I’ve had an up-close experience with pain since November 17, 2019, at 2:30pm. Yes, I know the date and time well because that was when I had a freak bicycle accident, in my neighborhood that resulted in a broken tibia in two places. In laymen’s language that means I broke my leg in two places in the knee area. As I’ve “walked” this journey of rehabilitation, I am amazed at the parallels of physical pain to emotional pain. For sure I see three noteworthy ways pain impacts our daily life.
1 | Self-protection becomes the number one concern
The incredible pain in my right leg became my main focus. I guarded that painful area with my life. Even though I had a protective brace the length of my leg, I made sure nothing hit, bumped or touched me. I became like a well-trained watchdog to make sure this painful area was guarded from any further pain. As much as I trust my husband, I really didn’t trust him around my injured leg. He might hit it or bump it and there I would be…sitting in more pain!
2 | My pain controlled my life
My daily routine was about taking my pain meds on time because going without them set me back into pain and it took a few more hours to get out of the pain. I made sure ice was applied frequently. My day was consumed with taking care of my pain, which meant trying to stop it or trying to prevent it from getting worse,
3 | I noticed spiritually I wasn’t “as sharp”

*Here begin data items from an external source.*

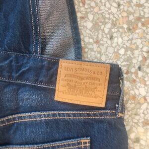 Chic Levi's denim overalls. Rich indigo color. Features adjustable straps and front pocket. Slimmer fit. Retail 128. Tags attached.
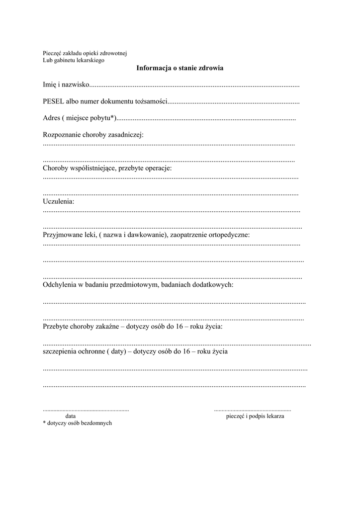 Pieczęć zakładu opieki zdrowotnej Lub gabinetu lekarskiego Informacja o stanie zdrowia Imię i nazwisko.................................................................................................................... PESEL albo numer dokumentu tożsamości......................................................................... Adres ( miejsce pobytu*)................................................................................................... Rozpoznanie choroby zasadniczej: ........................................................................................................................................... ........................................................................................................................................... Choroby współistniejące, przebyte operacje: ............................................................................................................................................. ............................................................................................................................................. Uczulenia: .............................................................................................................................................. ............................................................................................................................................... Przyjmowane leki, ( nazwa i dawkowanie), zaopatrzenie ortopedyczne: .............................................................................................................................................. ................................................................................................................................................ ............................................................................................................................................... Odchylenia w badaniu przedmiotowym, badaniach dodatkowych: ................................................................................................................................................. ................................................................................................................................................ Przebyte choroby zakaźne – dotyczy osób do 16 – roku życia: .................................................................................................................................................... szczepienia ochronne ( daty) – dotyczy osób do 16 – roku życia .................................................................................................................................................. ................................................................................................................................................. ......................................................... data * dotyczy osób bezdomnych ................................................... pieczęć i podpis lekarza
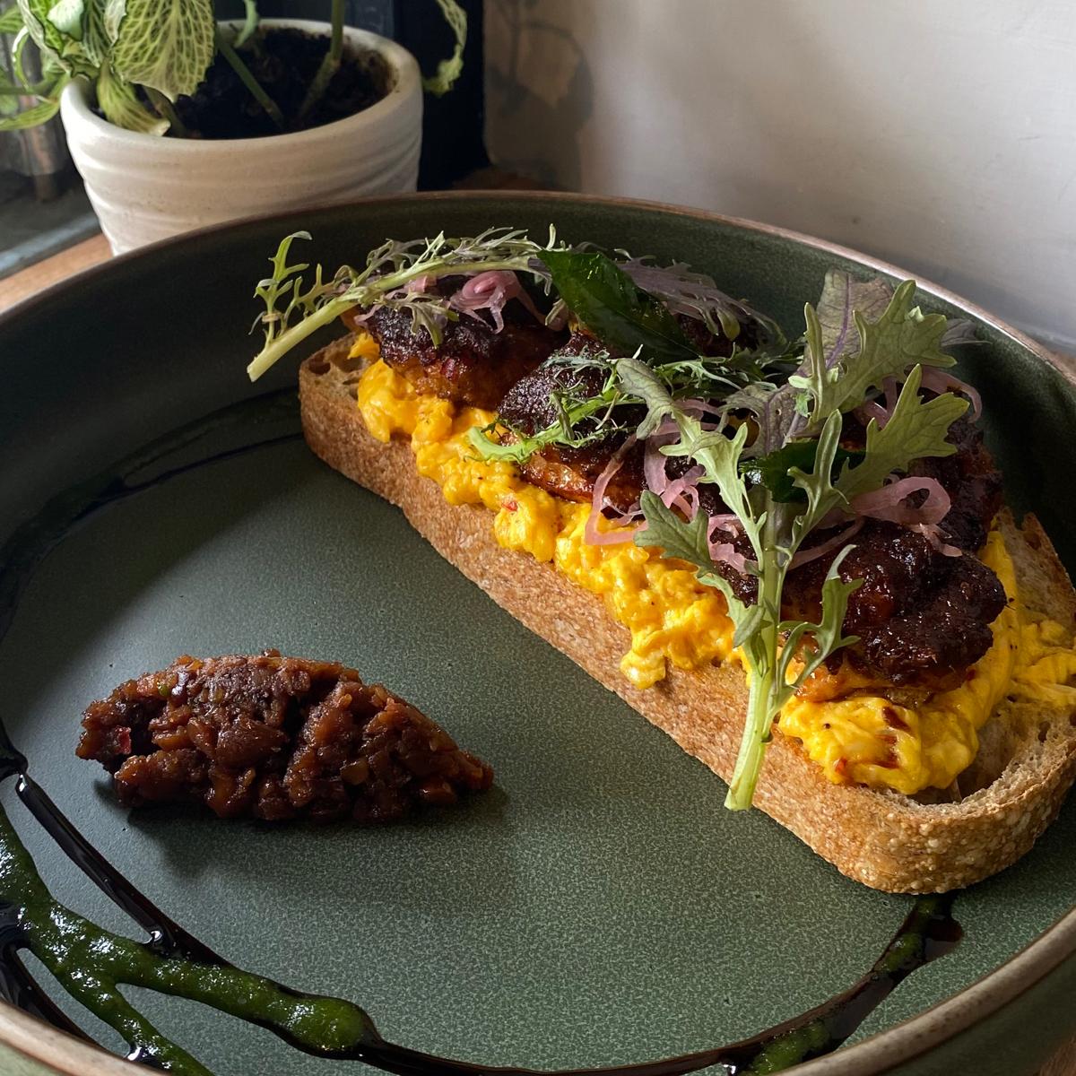 ▫️ 參巴烤雞 | 炒蛋 | 堅果 | 炸咖哩葉 | 酸種麵包 $400
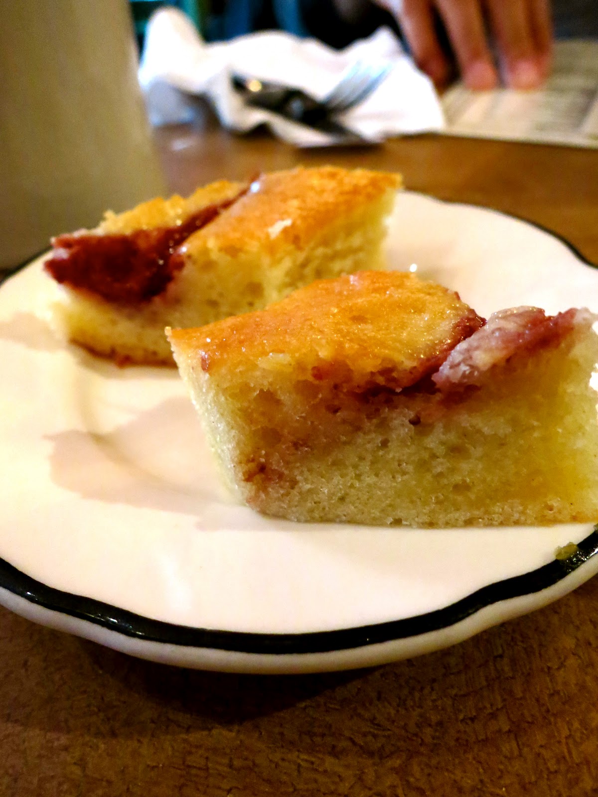 Now for the food review. Coffee - typical refillable taste. They are very attentive to your coffee mug, refilling it so often even if you've just had a sip or two. They have complimentary breakfast bread (so they call it), but it's actually cake-ish - sort of corn muffin but with blueberry flavor. I liked it. Bobby ordered the Denver Omelette - as you can see in the photo below, it was overflowing. And I thought we're eating healthy haha! It was good - you can't go wrong with ham, bell peppers, and onions, but what made it a little different and sinful is that it had cream cheese inside and out. A lot of it. It was also served with a cup of fresh fruits and english muffins with butter and jam. Not bad for $11 because you can share this meal as it was a definitely large portion. But of course we didn't share, tsk, tsk.
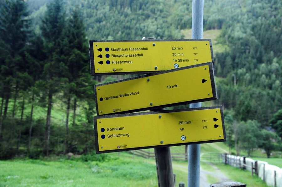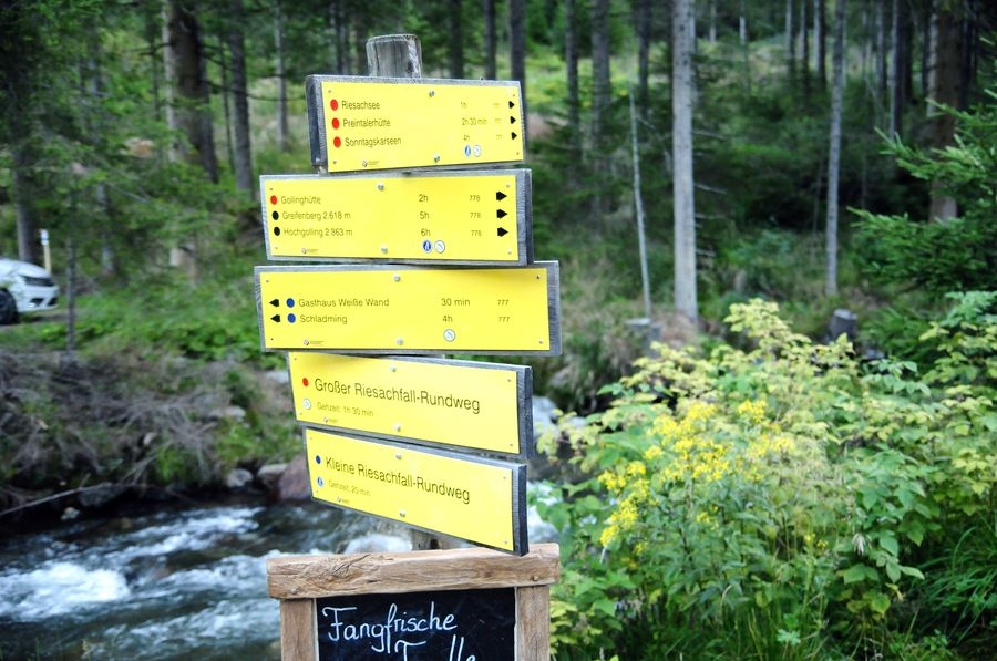 In Schladming die Straße Richtung Parkplatz Riesachfälle nehmen. Dort bis zum Ende der Straße fahren bis die großen Parkplätze erreicht werden.
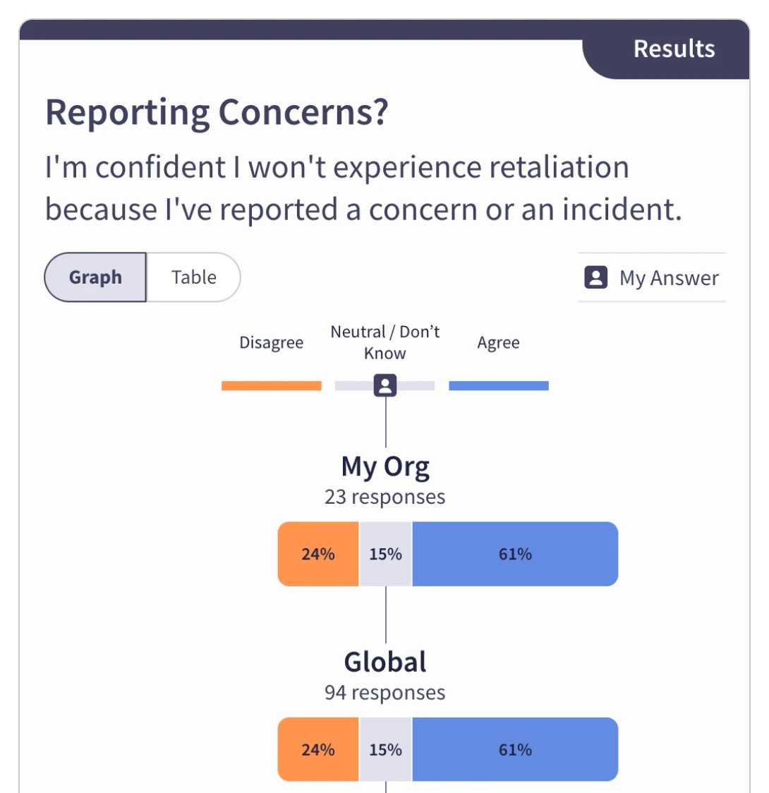- Employee sentiment pulsing questions that provide leaders with insights into their workforce's core cultural competencies
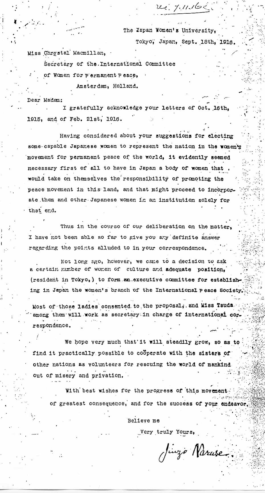 成瀬仁蔵の1916年9月18日付けクリスタル・マクミラン宛書簡
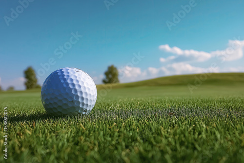 Low‑Angle Close‑Up of Golf Ball on Green with Sky and Negative Space
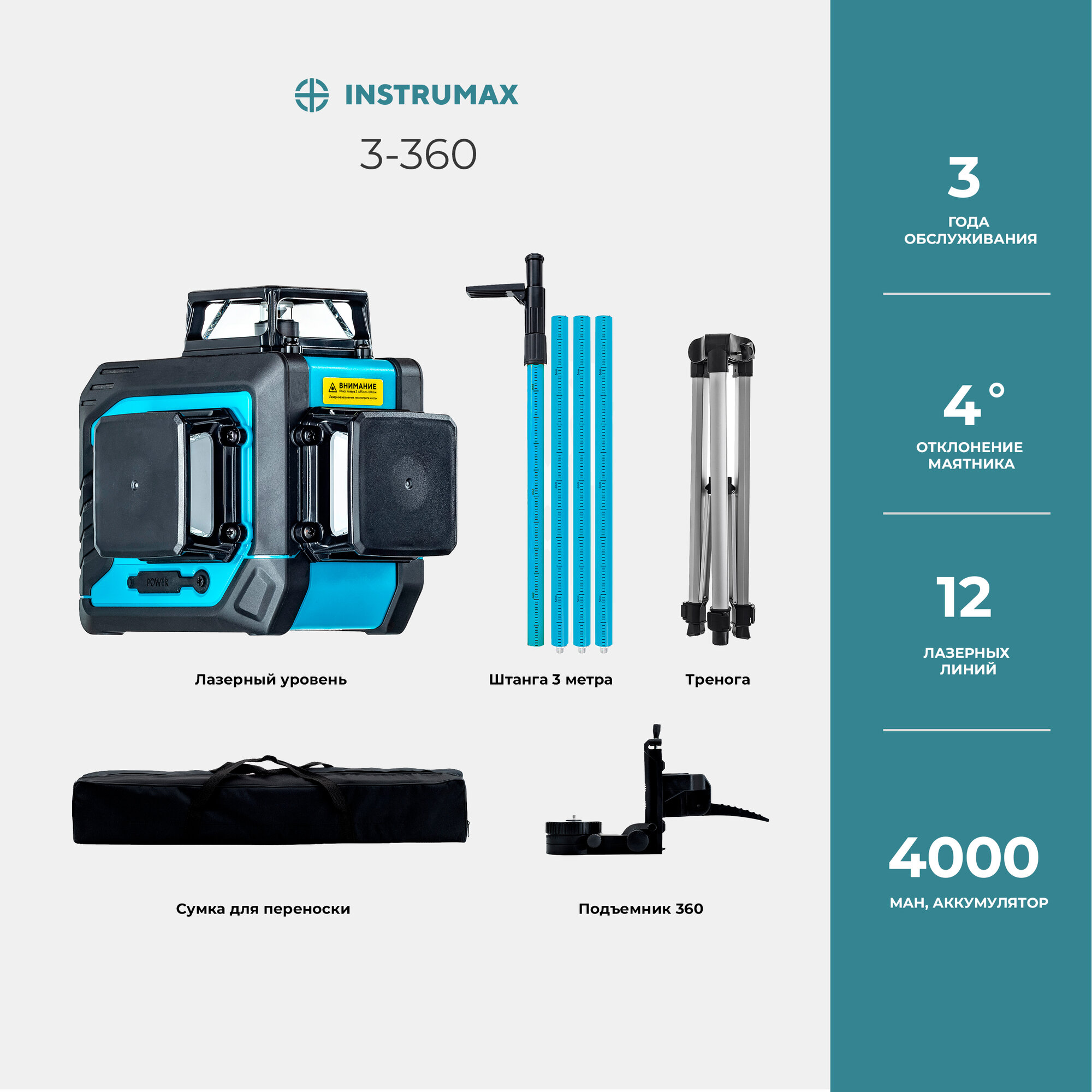 Комплект Лазерный уровень INSTRUMAX 3-360+Штатив-штанга элевационный INSTRUMAX LP-300 в комплекте с треногой (3 м): сравнение цен, характеристики, фото, актуальное наличие и цены.

Because of the pain meds and the focus on the pain and prevention of pain, I wasn’t able to “get into” my quiet time or even pray. I was “floating” …aware that God was carrying me but unable to connect with Him in my usual manner.
I realize how my clients suffering from emotional pain could go through this same process I did in my healing journey. Their main focus is to try not to feel the same pain again. The pain impacts and controls the way they respond to and handle life. The pain disconnects them from their source.
On my own, I wouldn’t have made near as much progress. I needed help getting through my season of physical brokenness. Getting through “this” was impossible on my own. Sometimes I had to bite the bullet and ask my husband for the simplest of things. Day after day he patiently delivered what I needed to my recliner. He brought my phone, my IPad, and my laptop and put my socks on my feet every morning. In my counseling room, a couple of times I even had to ask clients to move my walker where I could reach it.
The answer to pain is to patiently do what you need to do to heal. That means you don’t ignore the pain. You acknowledge you’ve been hurt. You go to others who can help you walk the road to recovery. For me, it was and still is Physical Therapy. For you, it could be professional therapy or counseling. Don’t let your emotional pain and resultant pain impacts run your life! There are ways to get help, to reach out and begin the process of healing. Your emotional pain doesn’t have to control your daily life even though it has a great capacity to do so.